Like many parents, getting our daughter to brush twice a day was a struggle at our house. Sometimes she would want to brush her teeth, but many other times she would exercise her independence and kick, yell “NO!” and fling her toothbrush across the room. I got frustrated for about 5 minutes and then decided to get a better plan. This is what I did. Hopefully it will help some other parents end the dental hygiene battle.

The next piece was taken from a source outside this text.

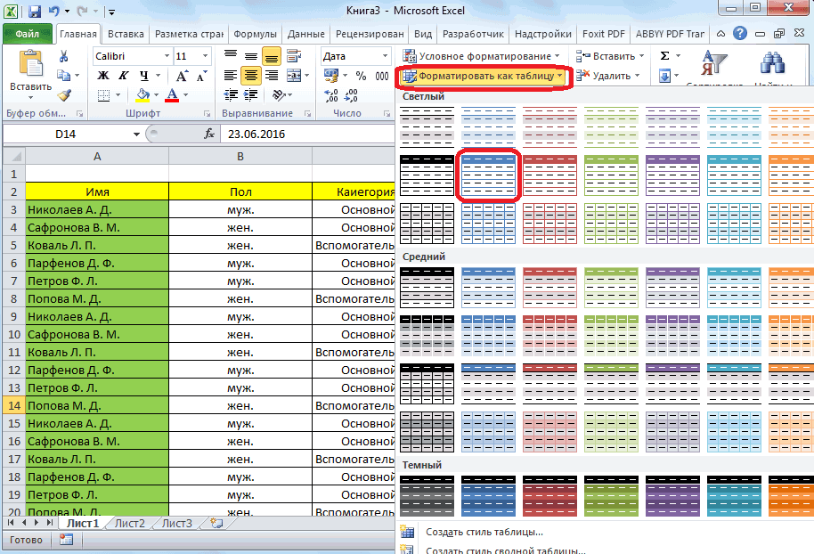 - В контекстном меню будет предоставлен выбор стилей таблиц. Он не имеет особого значения, поэтому выбирайте тот, который считаете для себя более привлекательным.

1. Buy several interesting tooth brushes and let your toddler decide which one she wants to use. Pick out different colors and those that sport your child’s favorite character. Toddlers like choices because they get to have a little control of the situation. So now instead of flinging the toothbrush (how she used to have control) she picks one of 5 different toothbrushes (how she how has control). So the question is not whether or not we are brushing our teeth, but what toothbrush are we going to use.

a. Toothbrushes come in all shapes and sizes, so make sure you pick an age appropriate toothbrush. Most have an age range on them.

b. Toothbrushes I selected: I found one with Elmo on it – Elmo rules in our house. I also found a green one with a train, a pink one with ladybugs and one that looks like my electric toothbrush: the Gentle Vibrations toothbrush by Summer Infant. She also has a plain white and yellow one that came with her infant grooming kit.

2. Find a fluoride-free, training toothpaste. We like Jason’s Natural Earth’s Best Organic Toothpaste. It is strawberry and banana flavor. You can find it at stores like Whole Foods. Do not use regular toothpaste until your child learns not to swallow it.

3. Make brushing teeth part of your morning and bedtime routine, just like reading a book.

4. Let your toddler brush the teeth of her favorite stuffed animal or doll.

5. Brush your teeth with your toddler and let her help you.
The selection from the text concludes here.